Try writing a program that spawns 5000 threads and has them get the current time in microseconds, and then write it in a file. You won't have any collisions unless you do some kind of precise coordination between them. In fact, you likely only have a shot at getting the same timestamp if you call from different threads, because just executing the instructions to read the current time takes long enough that two calls in a row will get different values.

> TL;DR: microsecond timestamps do not provide sufficient entropy for uniqueness constraints over common workloads.

See, that's the part I have a problem with, because I've had quite the opposite experience (without even having Cassandra involved).

aphyr · on Sept 5, 2013

Like I said, mean free paths will vary depending on your write profile. None of this alters my original assertion, which is that row operations are not isolated.

cbsmith · on Sept 5, 2013

You've got a corner case that is way harder to hit than you think you've measured it to be, and the scenarios where it may happen would have almost certainly not have the design required to cause it. Even so, it is addressable.

Based on my own experiences with this scenario, I'd be surprised if you managed to experience any problems if you turned off throttling (and didn't force everything to the same timestamp).
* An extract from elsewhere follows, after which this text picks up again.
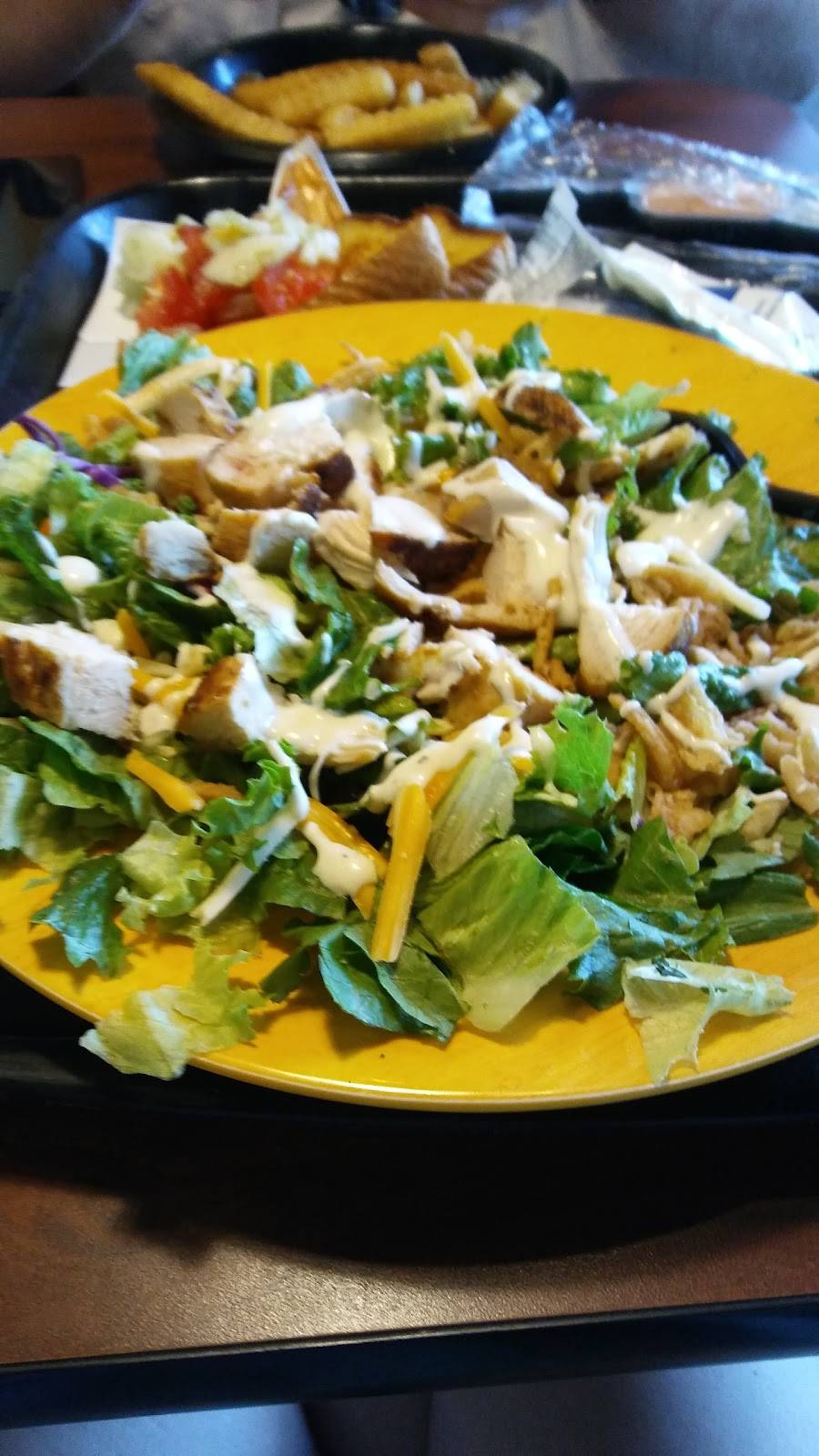 Fried chicken salad with honey mustard dressing! Have to get extra dressing but worth it. If they have the free style drink mixer... get Vanilla Coke!! Always can eat the fried mozzarella cheese bits and a nibblers meal too!

So yeah, you have a scenario that can happen, and I'd recommend anyone who absolutely cannot have that happen either not use Cassandra or design their schema accordingly. Absent that scenario though, row operations are isolated.

aphyr · on Sept 5, 2013

You're presuming that all reads occur after the system has quiesced. This is not always the case. I'm happy your write pattern works for you, and that you measure your consistency; I'm just trying to keep folks honest about what their systems actually provide; and give them tools to analyze those constraints.

cbsmith · on Sept 5, 2013

> You're presuming that all reads occur after the system has quiesced.

It sure looked like they did, but maybe I misread the code.

> This is not always the case.

Even if that weren't the case, you might check out the probabilities on your birthday problem. What you've got is effectively a calendar with 100 million days (microseconds in the benchmark's 100 seconds) and 5 people (5 writes to the same record). You've managed to end up with those 5 people sharing a birthday well over 1% of the time.

> I'm just trying to keep folks honest about what their systems actually provide

I appreciate that you've found an interesting corner case that I'd not considered.

Actually, it's not that I hadn't considered it. When creating client side timestamps I do tend to think about this scenario, but with server side timestamps, I tend to think of it much like I think of collisions on Type 1 UUID's, but in truth the probabilities are higher.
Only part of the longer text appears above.